That said, Tolstoy did make a good point in what has come to be known as the Anna Karenina Principle. For things to go the way you want everything has to go right. Thus happy families are alike because they all have the same set of things going well. On the other hand any number of different things could be causing the unhappiness of an unhappy family. In the same way, there are any number of things that could go wrong which would derail the predictions of Pinker and the transhumanists, and, on the other hand, everything has to go right for those predictions to come to pass.


However, all of this is tangential to my real point. As I said, there are numerous science fiction dystopias, and along with that, for the most part, there is widespread consensus that we should do what we can to avoid these dystopias, however unlikely they might be. I said “for the most part”, I imagine that there are some transhumanists who would prefer the world of Neuromancer or Altered Carbon to the current world. Which is not to say they wouldn’t tweak some things if they had the chance. But this is not the sort of thing which concerns me. What concerns me is that there is at least one dystopia out there, which is actually viewed as a utopia by some. What is this dystopia and who are these people? The dystopia is Children of Men by P.D. James and the people are antinatalists, people who are opposed to humans reproducing.

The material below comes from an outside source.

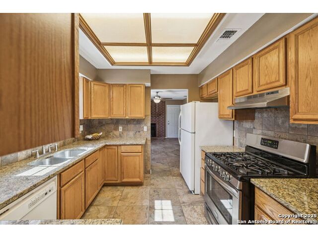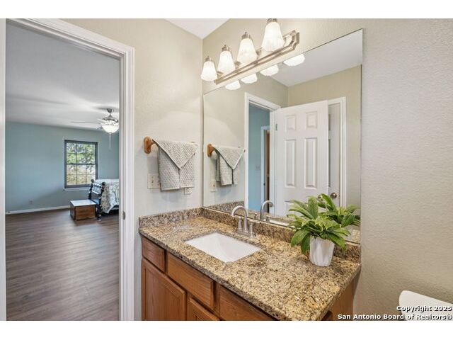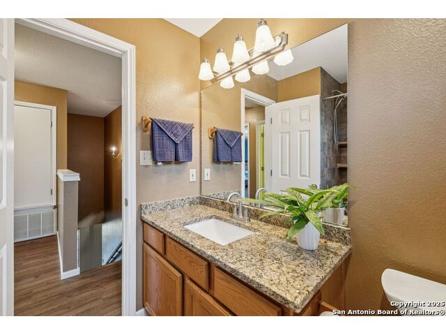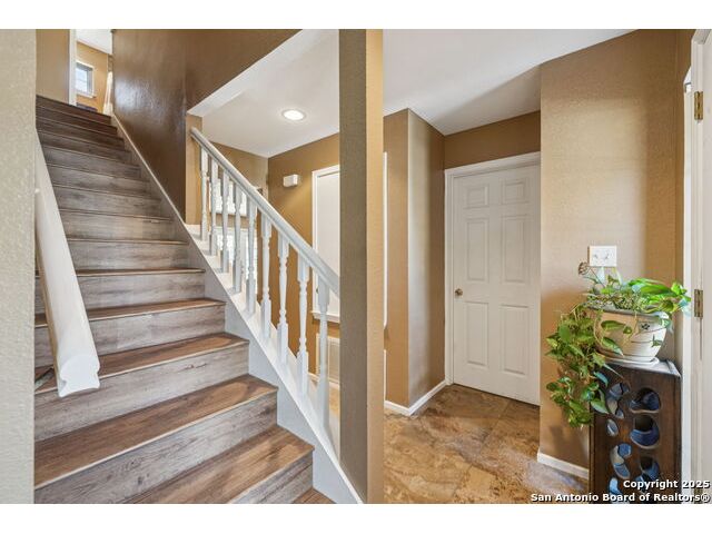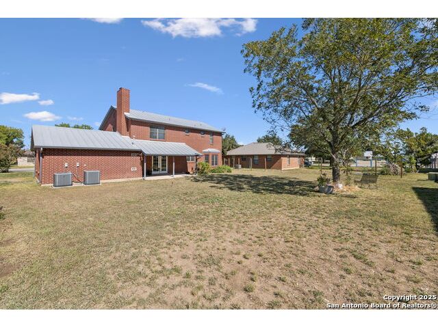 Beautifully renovated and move-in ready, this spacious 3-bedroom, 2.5-bath home offers approximately 2,300 sq. ft. of living space on a 0.28-acre lot in the heart of Castroville, Texas. With over $200,000 in recent upgrades, this home delivers comfort, efficiency, and lasting quality. Improvements include ***new flooring throughout, fresh interior paint, energy-efficient double-pane gas filled windows, a durable metal roof, and a leveled foundation*** providing both style and peace of mind. The flexible floor plan includes two generous living areas, perfect for entertaining or relaxing with family and a BONUS ROOM, perfect for an office. The family room features a beautiful brick, wood-burning fireplace with a swing-arm cooking hinge, ideal for cozy evenings or rustic-style meals. The kitchen offers gas cooking, abundant counter space, and ample cabinetry, and comes fully equipped with all appliances, including the refrigerator, dishwasher, washer, and dryer. A downstairs bedroom provides versatility and can easily be used as a guest suite, home office, or hobby space. Upstairs, the primary suite features two walk-in closets and a private bath, creating a spacious retreat. Secondary bedrooms are equally comfortable with excellent storage and natural light. Outside, enjoy a large backyard that's perfect for entertaining, gardening, or creating your dream outdoor space. Mature trees and open lawn areas make this backyard ideal for gatherings or quiet evenings under the stars. Additional highlights include a two-car garage, city utilities, and natural gas service for cooking and water heating. Conveniently located near Highway 90, this upgraded home is close to shopping, dining, schools, and Castroville's historic downtown. Only 20 minutes from Lackland Air Force Base and within easy reach of San Antonio, this property offers the perfect balance of small-town charm and modern convenience. Whether you're looking for a family home, a move-in ready property near San Antonio, or a peaceful retreat with high-end upgrades, this Castroville home truly has it all.

This is one of those posts where everything seems to be pointed in the same direction. To begin with over a month ago one my readers sent me a video about antinatalists which started me thinking about the subject. Second, one of the things which I failed to cover when I was talking about Pinker’s book, is his lack of any discussion about the importance of reproduction and survival, which I feel is one of the major weaknesses of the book. Finally there’s last week’s discussion of incels, which, regardless of your personal feelings on the movement itself, touches on this issue as well. And then of course there are previous posts in this space which touch on the issue.


Let’s start with the video I got sent. It’s a presentation by Dr. Tom Moore of University College Cork, Ireland where he discusses David Benatar’s book Better Never to Have Been: The Harm of Coming Into Existence. His discussion starts with a skeptical air (probably reflecting the attitudes of his audience) before ultimately coming to the conclusion that despite antinatalism appearing ridiculous on its face, that there are no successful counter arguments to Benatar’s version of it (at least not that he’s aware of.) As you might gather I am not an antinatalist, so either I must have taken that position on faith (which is not the worst thing in the world) or I must believe that I have a successful counterargument. In the end it’s a little bit of both, but I assume my readers are more interested in a successful counter argument.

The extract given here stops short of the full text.